We saw the director’s cut of Donnie Darko, which is now getting a theatrical run. I never got around to seeing the movie the first time it was released, back in 2001; but then the movie went from ‘obscurissimo cult favorite’ to ‘made $10 million in DVD sales.’ I guess they decided to take it for another spin ‘round the block, adding 20 minutes or so of footage from the DVD release that make it…well, more lucid than it was before, I guess. It’s still deeply crazy, but in a good way. Donnie Darko is a spicy purée of Charlie Kaufmann, David Lynch, and John Hughes, served over ice cubes made from frozen black-cherry soda and shredded ginger. Is Donnie losing his mind? Or is the spectral six-foot rabbit entity correct when he’s saying that the world is about to end? What is going on here?
Words fail. We got to the final credits and although I wasn’t entirely certain what I’d just seen my brain was so awhirl with questions and theories and oh-hey-wasn’t-it-great-when that I needed to see it again right away.
We didn’t go see it again, though. We went and had dinner at Otto instead. Not cheap, but very tasty. Plus I ate all sorts of actual grownup food and didn’t feel like somebody was stabbing me in the face even once.
So, yeah. A good night.
By the way, there are what amounts to Cliffs Notes on the film in an article at Salon. You have to sit through the ad to get the Salon Day Pass if you’re not a subscriber, but if you’re dying to get something like a definitive take on the film it’s worth the extra 30 seconds.
Aug 20 04: virgo’s dilemma
I finished my last project for the day twenty minutes ago. So did nearly everybody else at the office. Nonetheless, here we are, bored out of our minds and trying hard to look productive, as we wait for our minimum weekly requirement of hours to be met.
Aaargh.
Meanwhile, there is a box on my desk that arrived this afternoon. It’s from my mother. Inside it is a birthday present. It is torturing me. See, she called me yesterday to find out where she should send it. (I’m very proud of her for doing so, because it means she’s remembered that we have a teeny tiny NYC apartment-style mailbox and sending us packages at home is an exercise in frustration.) And I have this vague memory of her saying that I should ‘open it as soon as it gets there.’ I think.
But what if I’m wrong? What if she didn’t say it? The Avenging Virgo does not like breaking the rules of How Things Should Be Done. And one of said rules is that Birthday Presents Are for Birthdays. You know, like Christmas Presents Are for Christmas. If she told me to open it early, then it’s okay; I had to. But if she didn’t tell me to do it, and I do it anyway, well…that’s cheating. Bad. Simply Not Done. And my birthday isn’t actually until next week.
But what if it’s cookies? It might be cookies. It might be a batch of the family specialty: Mrs. Peppard’s Cookies. Oh what if it is? What if, inside this innocent-looking box, there is a supernova of chocolate deliciousness? All for me? Desperate to be eaten ere they go stale or get broken into crumbs?
(Well, if they get stale or broken into crumbs, you put them on ice cream.
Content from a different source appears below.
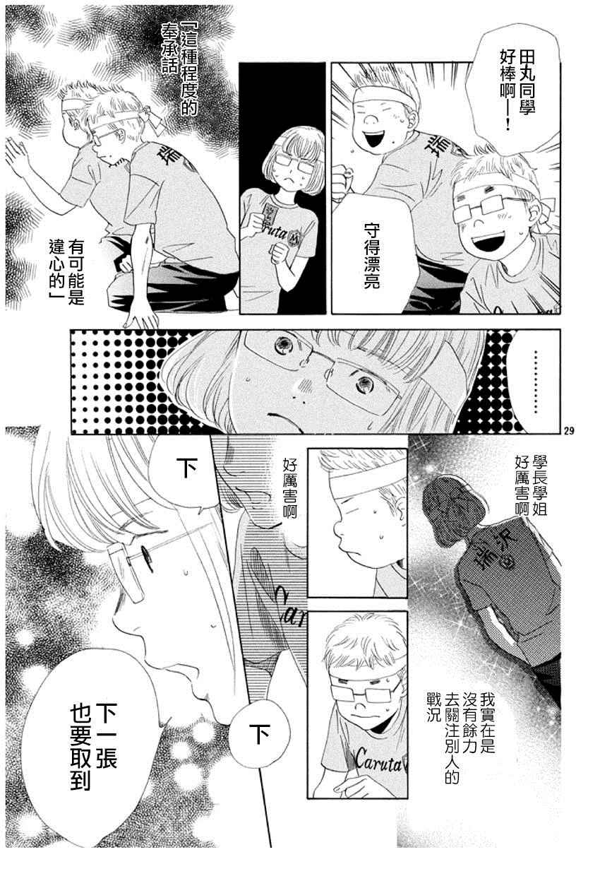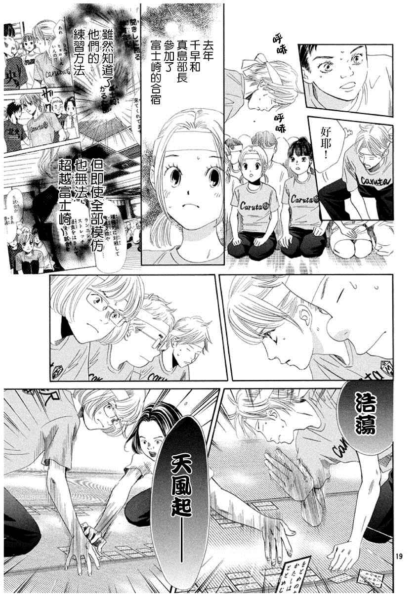 小六生千早认识了来自福井的转学生.新。新是个稳重沉默的孩子,但他却有项出人意料之外的才艺,就是小仓百人一首竞技花牌。新比任何人都快、比任何人都沉迷于抢牌的模样,给千早带来很大冲击。不过,令这样的新目不转睛的是…千早高人一等的「才能」──

In my experience. But they never hang around long enough to get stale.)
Oh, the torture. Outside the window the window-washers go up and down on their platform, and far below them the taxis head north towards the Park. But here on this side of the glass it’s just me and a white cardboard box, and a decision as yet unmade.
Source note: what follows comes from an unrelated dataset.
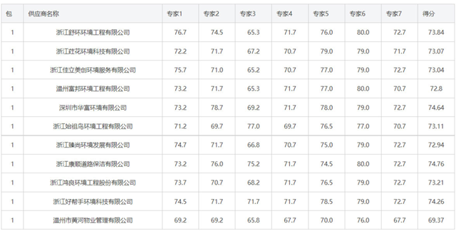 例如,表1中的浙江省溫州市甌海區(qū)瞿溪街道環(huán)衛(wèi)一體化項目,十街一鎮(zhèn)的服務(wù)費總預(yù)算金額約6億元。但項目被分成11個包,自去年8月開始招標(biāo)以來,11個項目先后由溫州富邦環(huán)境浙江好幫手環(huán)境、浙江佳立美創(chuàng)環(huán)境、浙江利東環(huán)境、浙江舒環(huán)環(huán)境、福龍馬集團(tuán)6家公司中標(biāo),其中富邦環(huán)境共中4標(biāo),好幫手和舒環(huán)環(huán)境各中兩標(biāo),佳立美創(chuàng)、利東環(huán)境和福龍馬各中一標(biāo)。
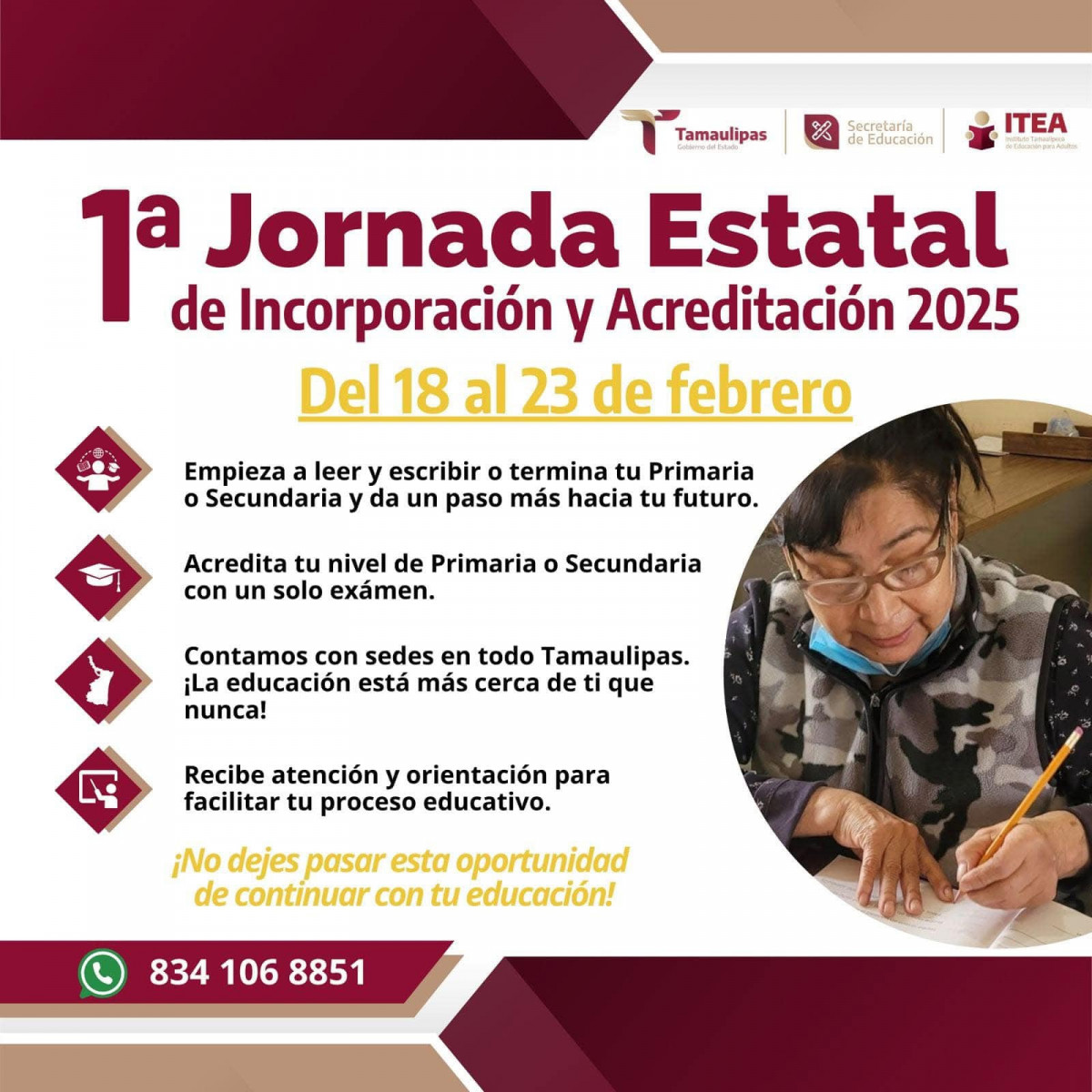 ITEA Tamaulipas invita a personas interesadas de 15 años en adelante, para que aprovechen la oportunidad de iniciar o continuar con sus estudios de educación básica.

POSTSCRIPT: My sister just called, not five minutes later. I told her about the box. She said, and I quote: “What if it’s cookies? What if it’s Mrs. Peppard’s Cookies? I bet it is. You have to open it.” So I did.
Oh yes.
Aug 16 04: bon appétit
I can only edit so many pages of fourth-grade mathematics tests at a throw—yeah, that’s the current project, but it may be over by the end of the week—so off and on during the day I take little breaks to give my brain something else to think about. The internet is, of course, brilliant for this.
Today, via überblogger Anil Dash, I found Julie’s thoughts on Julia. A lovely rumination on Julia Child. She didn’t know Julia any more than any other North American who’d been alive since 1961. But it was clear that Julia’s life and legacy and famous cookbook had meant a lot to her.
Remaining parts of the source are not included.